Data and trained models for: Human-robot facial co-expression
Data files
Mar 05, 2024 version files 19.12 KB
Abstract
Large language models are enabling rapid progress in robotic verbal communication, but nonverbal communication is not keeping pace. Physical humanoid robots struggle to express and communicate using facial movement, relying primarily on voice. The challenge is twofold: First, the actuation of an expressively versatile robotic face is mechanically challenging. A second challenge is knowing what expression to generate so that they appear natural, timely, and genuine. Here we propose that both barriers can be alleviated by training a robot to anticipate future facial expressions and execute them simultaneously with a human. Whereas delayed facial mimicry looks disingenuous, facial co-expression feels more genuine since it requires correctly inferring the human's emotional state for timely execution. We find that a robot can learn to predict a forthcoming smile about 839 milliseconds before the human smiles, and using a learned inverse kinematic facial self-model, co-express the smile simultaneously with the human. We demonstrate this ability using a robot face comprising 26 degrees of freedom. We believe that the ability co-express simultaneous facial expressions could improve human-robot interaction.
README: Dataset for Paper "Human-Robot Facial Co-expression"
Overview
This dataset accompanies the research on human-robot facial co-expression, aiming to enhance nonverbal interaction by training robots to anticipate and simultaneously execute human facial expressions. Our study proposes a method where robots can learn to predict forthcoming human facial expressions and execute them in real time, thereby making the interaction feel more genuine and natural.
https://doi.org/10.5061/dryad.gxd2547t7
Description of the data and file structure
The dataset is organized into several zip files, each containing different components essential for replicating our study's results or for use in related research projects:
- pred_training_data.zip: Contains the data used for training the predictive model. This dataset is crucial for developing models that predict human facial expressions based on input frames.

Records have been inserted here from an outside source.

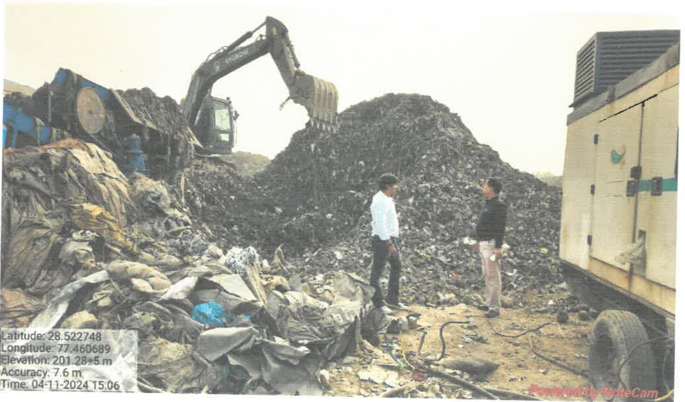
Legacy waste lifting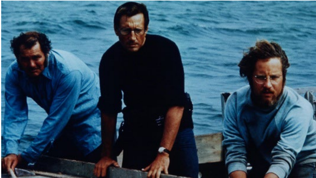
Quint, Sherrif Brody en Hooper op zoek naar de haai in Jaws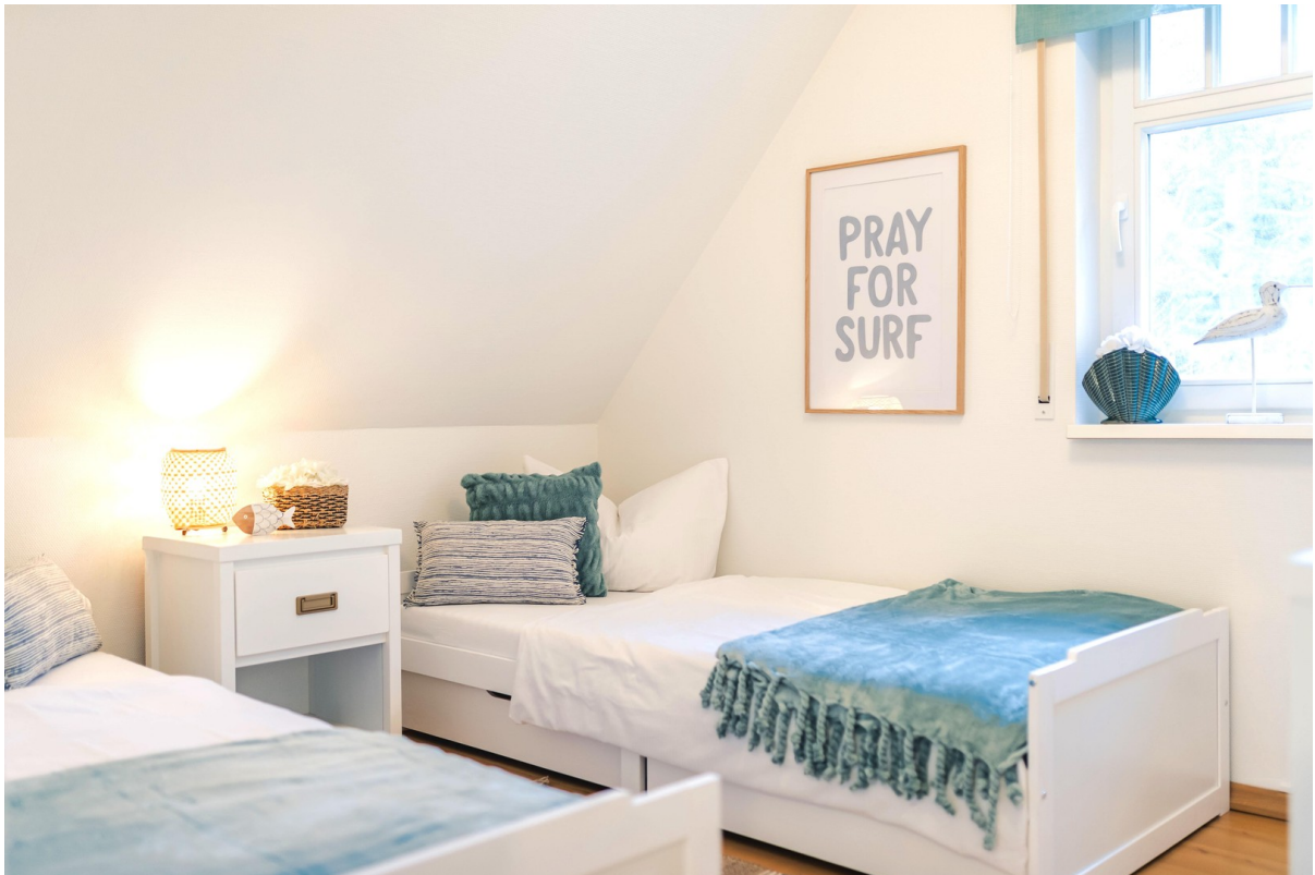
3. Schlafzimmer im OG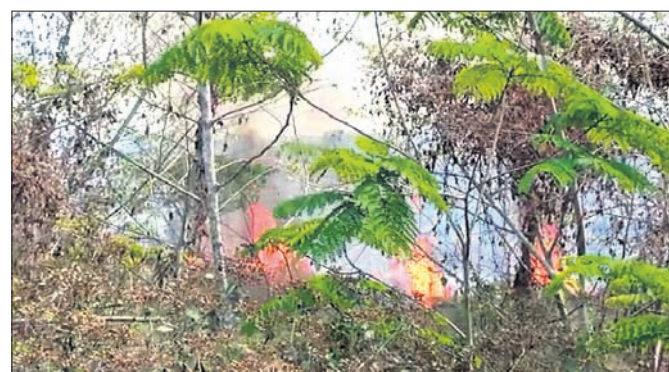
ବତାନିକାଳ ଗାଡ଼େନରେ ଲାଗିଯାଇଥିବା ନିଆଁ।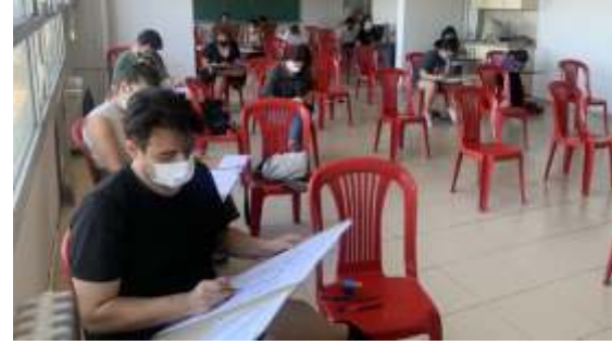
Çanakkale Onsekiz Mart Üniversitesi Güzel Sanatlar Fakültesi Yetenek Sınavları 2021-2022 Öğretim yılı yetenek

sınavları için bine yakın ön kayıt yaptırdı. Güzel Sanatlar Fakültesi bünyesinde bulunan plastik sanatlar alanına ilişkin bölümlerin ve tiyatro bölümünün sınavı eş zamanlı olarak gerçekleştirildi. Plastik sanatlar alanındaki her bölümün kendi öğretim üyelerinden oluşan jüriye, disiplinlerinin gerektirdiği ölçmeyi amaçlayan bir soruyla, farklı saatlerde sınav yaptı ve değerlendirdi. Tiyatro bölümünün sınavı ise adayların sahne, ses, dans ve hareket gibi performanslarını ölçmek için hazırlanan iki aşamada yapıldı. 2021-2022 Öğretim yılı için öğrenci alma kontenjanı, Resim Bölümü 30, Seramik ve Cam Bölümü 30, Tekstil Tasarımı Bölümü 20, Geleneksel Türk Sanatları Bölümü 25, Grafik Tasarımı Bölümü 40, Tiyatro Bölümü 20 olarak belirlendiği açıklandı.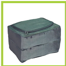
Página 19 - Ref. 856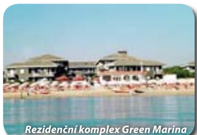
Residenční komplex Green Marina

ELENA CLUB RESORT APARTHOTEL**** – luxusní rezidence leží v jižní části Silvi Marina, cca 100 metrů od vlastní soukromé pláže. Recepce, restaurace, bar, terasa, fitness, bazén (vstup s koupací čepicí), parkoviště, vlastní pláž (zahrnuta v ceně). Mono 2/3 osoby a bilo 4. Všechny apartmány mají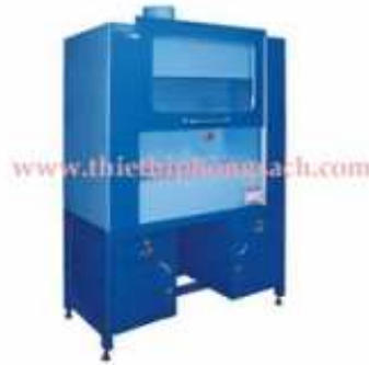
Tủ cấy vi sinh loại thổi đứng

■ Clean bench: Dùng hai lọc HEPA để tạo không khí vô trùng trong buồng làm việc bảo vệ sản phẩm nuôi cấy, đồng thời tạo áp suất âm trước mặt người thao tác để bảo vệ người thao tác tránh lây nhiễm. Ngoài ra tủ còn lọc không khí thải ra để bảo vệ môi trường bên ngoài không bị lây nhiễm, bên trong tủ làm bằng inox, hai hông kính để quan sát. Cửa mở trượt lên xuống, hệ thống tự cân bằng nên cửa có thể dừng tại mọi vị trí hoặc đóng kín hoàn toàn. Có đèn báo hiệu tình trạng làm việc của lọc và khi cần phải thay lọc ( báo chuông và đèn ).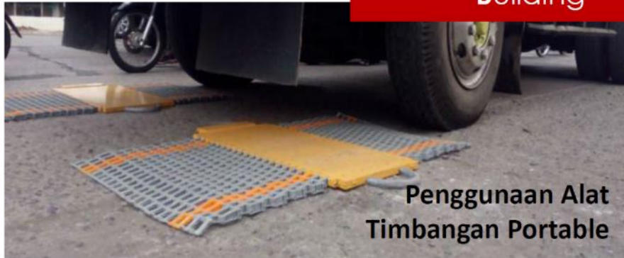
Penggunaan Alat Timbangan Portable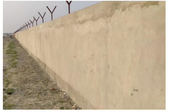
প্রকল্প এলাকার বাউন্ডারী ওয়াল নির্মাণ

- pred_model.zip: Contains the trained models capable of predicting human target facial expressions. These models are trained on the data from pred_training_data.zip.
- inverse_model.zip: Includes trained models for generating motor commands based on landmarks input. These models are vital for translating predicted facial expressions into actionable motor commands for robot facial actuators.
- Coexpression.zip: Houses the software necessary for data analysis and reproducing the results presented in our paper. It includes code for both the predictive and inverse modeling processes, along with utilities for evaluating model performance.
- 0_input.npy: An example input data file showcasing the structure expected by the predictive model. This NumPy array file has a shape of (9, 2, 113), representing 9 sequential frames, each frame consisting of 2D coordinates for 113 facial landmarks. This sample data can be used as a reference for the format and scale of input data necessary for model training and inference.
The training data within pred_training_data.zip is structured to facilitate easy loading into machine learning frameworks. It consists of input facial landmarks and target facial landmarks.
The deep neural networks in pred_model.zip and inverse_model.zip is constructed using PyTorch. Details on the model architecture and parameters are included within each zip file.
The software provided in Coexpression.zip includes scripts for processing data, training models, and evaluating the system's performance.
Citation
Please cite our work if you use this dataset or the associated models/software in your research:
Hu, Yuhang, et al. "Human-Robot Facial Co-expression". Science Robotics (March 2024)
Methods
During the data collection phase, the robot generated symmetrical facial expressions, which we thought can cover most of the situation and could reduce the size of the model. We used an Intel RealSense D435i to capture RGB images and cropped them to 480 320. We logged each motor command value and robot images to form a single data pair without any human labeling.